Freeman said that additional measures are being taken to make sure the needs of senior members of the community are being met.
“We are doing the best we can to help people amidst this crisis, we are willing to come out here and take a risk to help someone else,” Freeman said.
Aaron Jones, pastor of New Hope Church of God in Waldorf, said that New Hope has partnered with End Hunger since its inception nearly three years ago, and New Hope has provided food and clothing to disadvantaged members of the community for over 11 years.
“We are just trying to fulfill the word of God and help people during a time like this,” Jones said. “This is where we need to be right now to help people and to reach out to people, someone has to be on the front lines to help.”
Freeman said more information can be found on the Facebook page End Hunger, as well as on their website www.endhungerincharles.org.

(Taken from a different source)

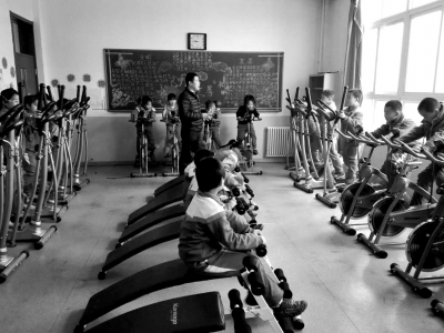 在实验二小永定分校,学生们纷纷在健身房里上体育课,踩单车、仰卧起坐、跑步机,借助器械进行体育锻炼。据了解,门头沟区已为所有中小学配套建设了健身房,因此,雾霾橙色预警时,很多学校选择分班在健身房里上体育课。

Freeman also credited LifeStyles of Maryland Executive Director Sandy Washington for the efforts, saying that her organization spearheads everything being done to serve needy members of the community.
“[Washington] is sitting behind the scenes right now, but she is making a lot of things happen,” Freeman said. “She is a trailblazer so we take our orders from her, she is the engine that drives this organization.”
“As New Hope Church of God, we are just happy to partner with End Hunger because they are doing a great job in providing this service to the community,” Jones said. “As long as it’s needed, we want to be in partnership and connection to end hunger the best way we know how.”
End Hunger’s website states that over 12,000 Charles County residents live in poverty, while over 17,500 residents live with food insecurity, over 15% of which are children. Along with providing food to the needy, the organization also promotes and supports educational opportunities that lend to healthy and nutritious food choices.
End Hunger also partners with the Charles County Sheriff’s Office, the Charles County Department of Social Services, Chef Kendall/Middleton Hall, the Maryland State Beverage Association and other members of the faith community.